Strang was born in London, the eldest son of William Strang, an internationally known etcher, and his wife Alice née Rogerson. He studied at the Slade School of Art from 1902 until 1906 with Henry Tonks and under Jean-Paul Laurens at the Académie Julian in Paris, 1906–8. Strang held his first solo exhibition at the Goupil Gallery in 1914. He served in the Middlesex and Royal Berkshire Regiments (1914–19) during the First World War. Strang also produced some artworks during the War and the British War Memorials Committee purchased one large painting and several drawings of French battlefields from him.

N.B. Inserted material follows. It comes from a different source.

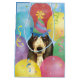 Grattis på födelsedagen hälsning med den här söta designen med en snygg, party hattklädd Basset Hound-valp omgiven av färgstarka ballonger, konfekt och strömbrytare.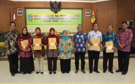 BKD (Badan Kepegawaian Daerah) Kabupaten Jombang telah menyerahkan SK Pensiun ASN (Aparatur Sipil Negara) yang mencapai batas usia pensiun (BUP) per Maret – Juli 2018. Penyerahan SK itu dilaksanakan di Gedung Bung Tomo Pemkab setempat, Jumat (09/02/2018) pagi.

Strang exhibited at the Royal Academy from 1923 and the New English Art Club from 1919. He was an early member of the Society of Graphic Art and exhibited at their first annual exhibition in 1921. Strang was elected an Associate member of the Royal Society of Painter-Etchers and Engravers in 1925 and became a full member in 1930. He also visited and studied in Italy, Belgium, Spain and Sicily. Among his paintings was a notable portrait of James Dickson Innes. In 1944 Strang submitted five drawings of bomb damaged buildings in central London to the War Artists' Advisory Committee, WAAC, and the Committee purchased four of them. WAAC purchased a further two drawings of similar subjects in July 1945 for thirty guineas.

Strang was married to Frances and had a brother, David Strang (1887–1967), who was an artist and printmaker. Ian Strang died at Wavendon, Buckinghamshire, on 23 March 1952. A memorial exhibition was held at the Leicester Galleries in 1952.

==Publications==
- Town and Country in Southern France. 1937. (with Frances Strang)
- The Student's Book of Etching. 1938.